Items from a dataset:
'''
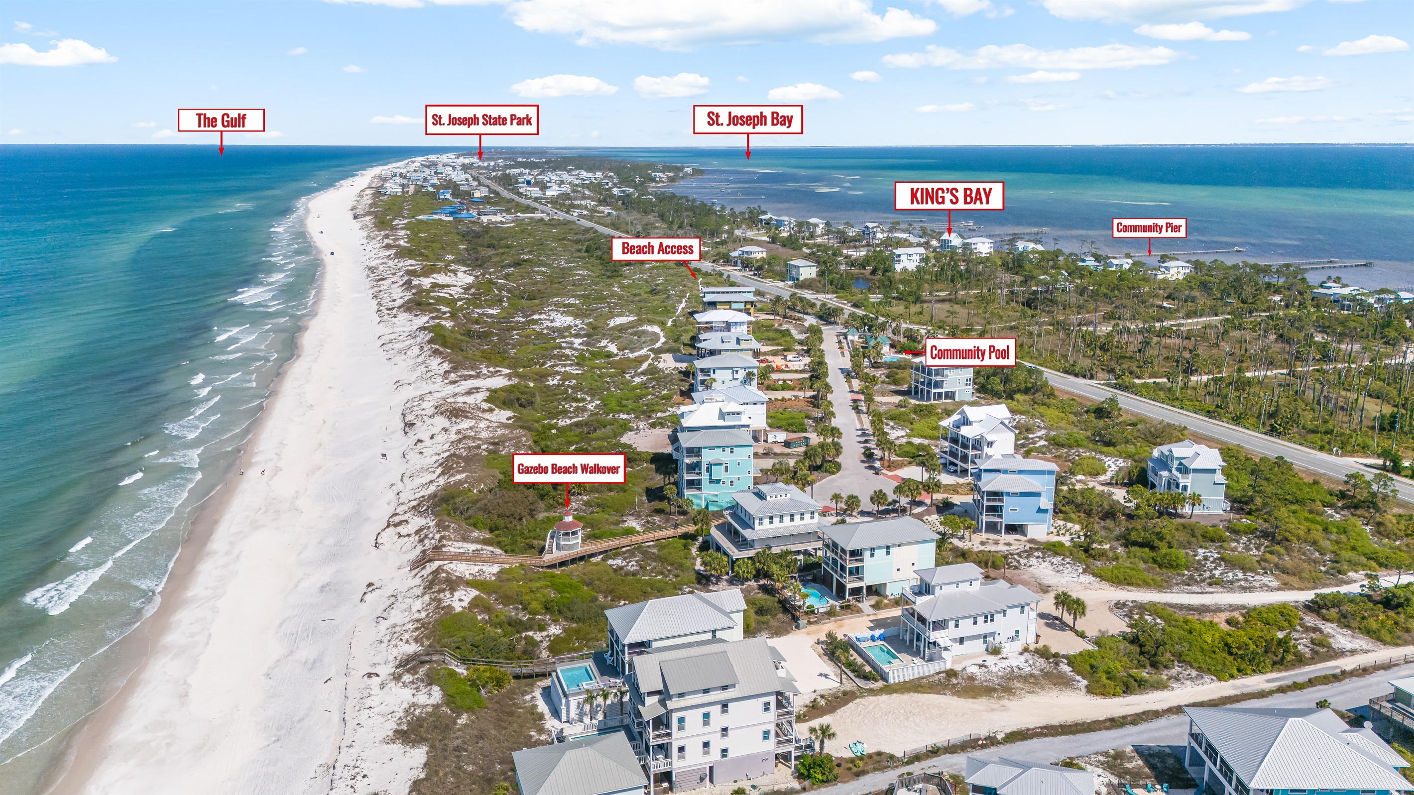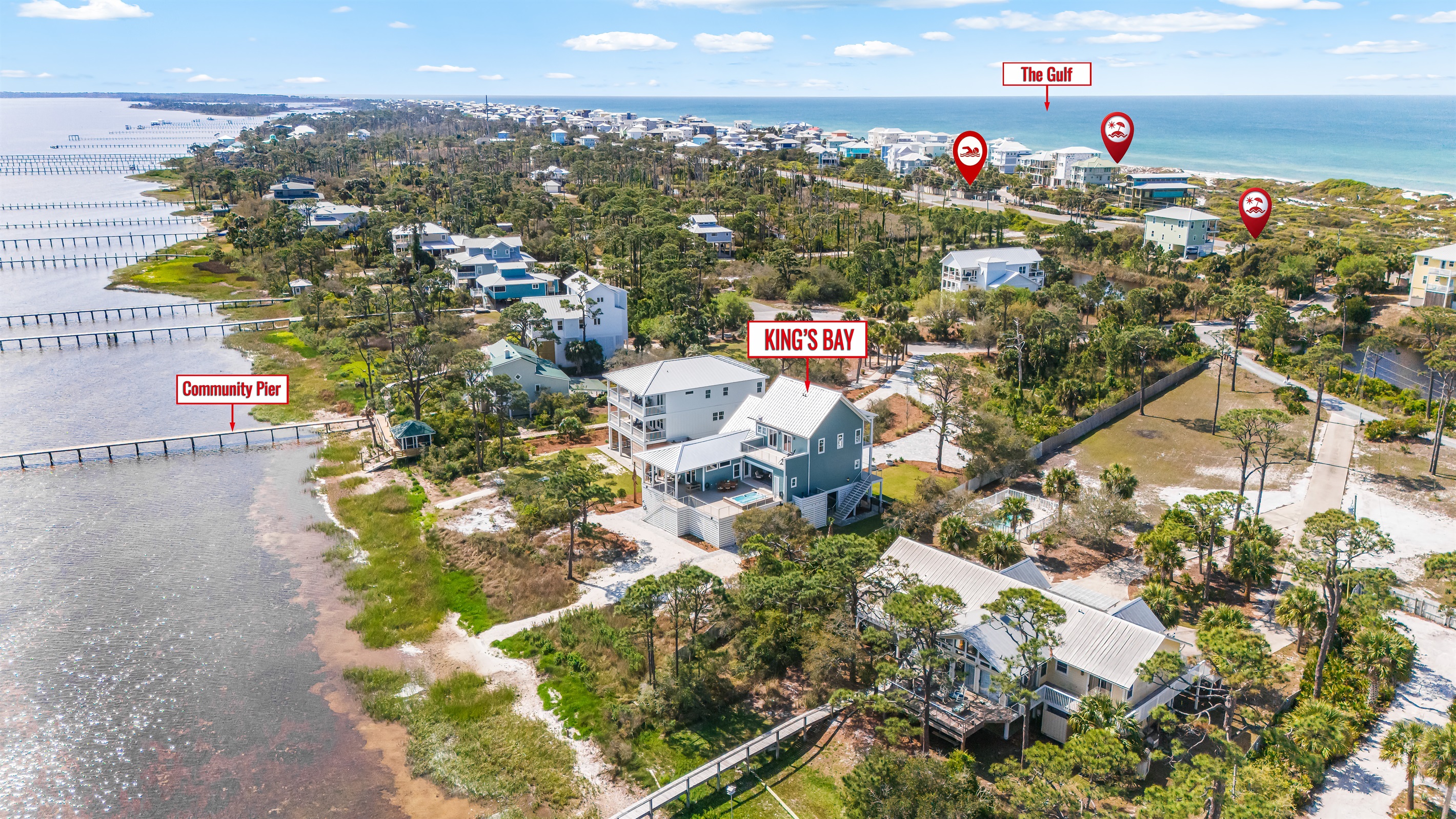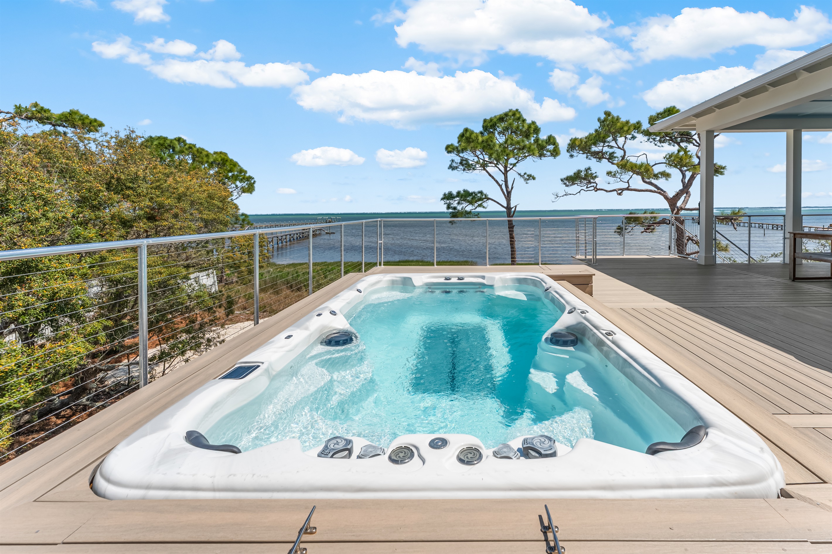 Discover King's Bay, a luxurious North Cape San Blas bayfront home nestled along the serene Forgotten Coast—only steps from the beach! With 2,930 square feet of pet-friendly living space, this 5-bedroom, 6.5-bathroom retreat comfortably sleeps 12. Enjoy stunning Bay and Gulf views, a private swim spa, and access to the community pool, dock, and beach. It's the perfect destination for coastal adventure!
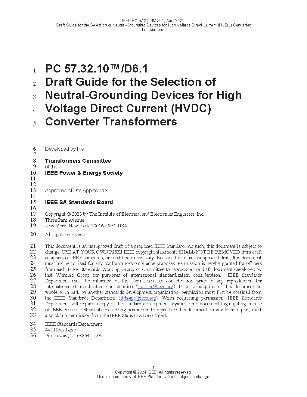 IEEE Draft Guide for the Selection of Neutral-Grounding Devices for High Voltage Direct Current (HVDC) Converter Transformers
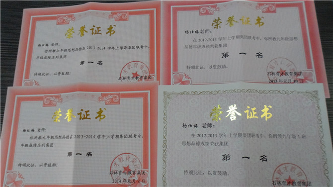 2015年隨著中考的改革,思品等五門學(xué)科,不再列為主科,在中考成績中只占10分。面對(duì)學(xué)科分值的降低,楊仕梅老師的工作情緒并沒有受到任何影響。她恪盡職守,一如既往地教好思品這門學(xué)科。她堅(jiān)持做好作業(yè)“三清”常規(guī)管理,仍像主科老師那樣認(rèn)真?zhèn)浜妹恳还?jié)課,上好每一節(jié)課,對(duì)每一個(gè)單元知識(shí)及時(shí)進(jìn)行檢測評(píng)講。2016年中考,她所教的九年級(jí)兩個(gè)班的思品成績再次名列前茅。
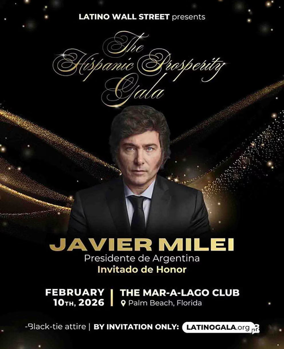 Javier Milei fue invitado a la Gala Prosperidad Hispana, programada para el 10 de febrero en Mar-a-Lago, el exclusivo complejo que Donald Trump posee en Miami, Estados Unidos.
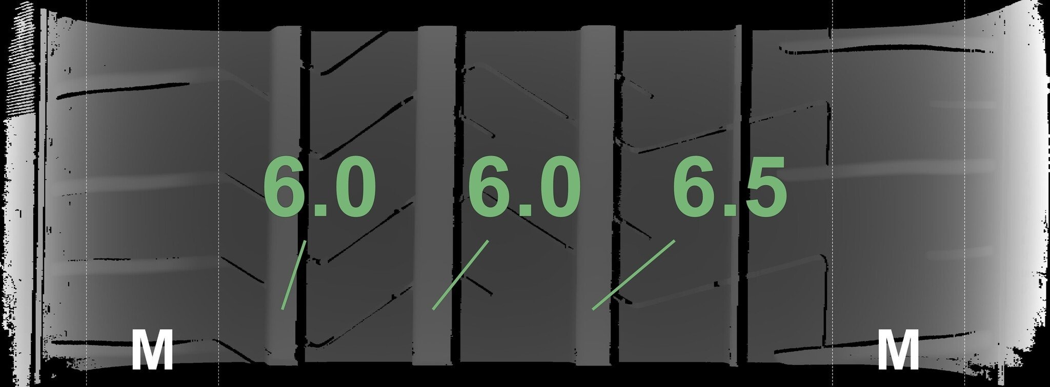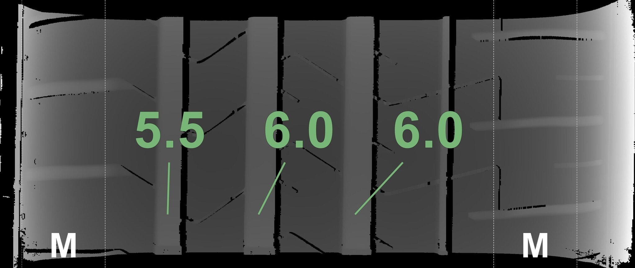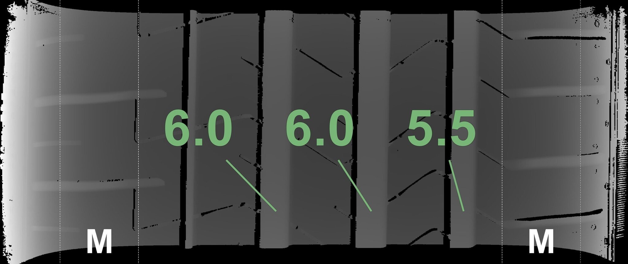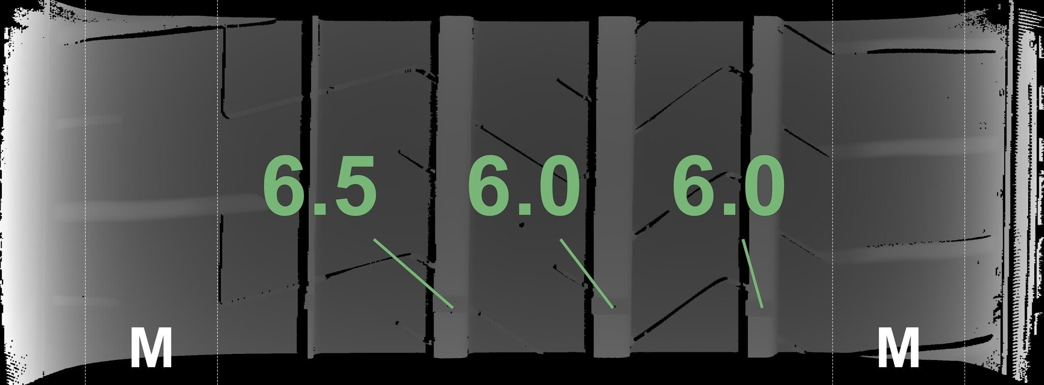 Die gemessenen Profiltiefen und die Details der Felgen sind oben dargestellt.
'''
Your instructions: From the first record above to the last, output each one exactly and omit the pictures.

Worked solution:
 Discover King's Bay, a luxurious North Cape San Blas bayfront home nestled along the serene Forgotten Coast—only steps from the beach! With 2,930 square feet of pet-friendly living space, this 5-bedroom, 6.5-bathroom retreat comfortably sleeps 12. Enjoy stunning Bay and Gulf views, a private swim spa, and access to the community pool, dock, and beach. It's the perfect destination for coastal adventure!
 IEEE Draft Guide for the Selection of Neutral-Grounding Devices for High Voltage Direct Current (HVDC) Converter Transformers
 2015年隨著中考的改革,思品等五門學(xué)科,不再列為主科,在中考成績中只占10分。面對(duì)學(xué)科分值的降低,楊仕梅老師的工作情緒并沒有受到任何影響。她恪盡職守,一如既往地教好思品這門學(xué)科。她堅(jiān)持做好作業(yè)“三清”常規(guī)管理,仍像主科老師那樣認(rèn)真?zhèn)浜妹恳还?jié)課,上好每一節(jié)課,對(duì)每一個(gè)單元知識(shí)及時(shí)進(jìn)行檢測評(píng)講。2016年中考,她所教的九年級(jí)兩個(gè)班的思品成績再次名列前茅。
 Javier Milei fue invitado a la Gala Prosperidad Hispana, programada para el 10 de febrero en Mar-a-Lago, el exclusivo complejo que Donald Trump posee en Miami, Estados Unidos.
 Die gemessenen Profiltiefen und die Details der Felgen sind oben dargestellt.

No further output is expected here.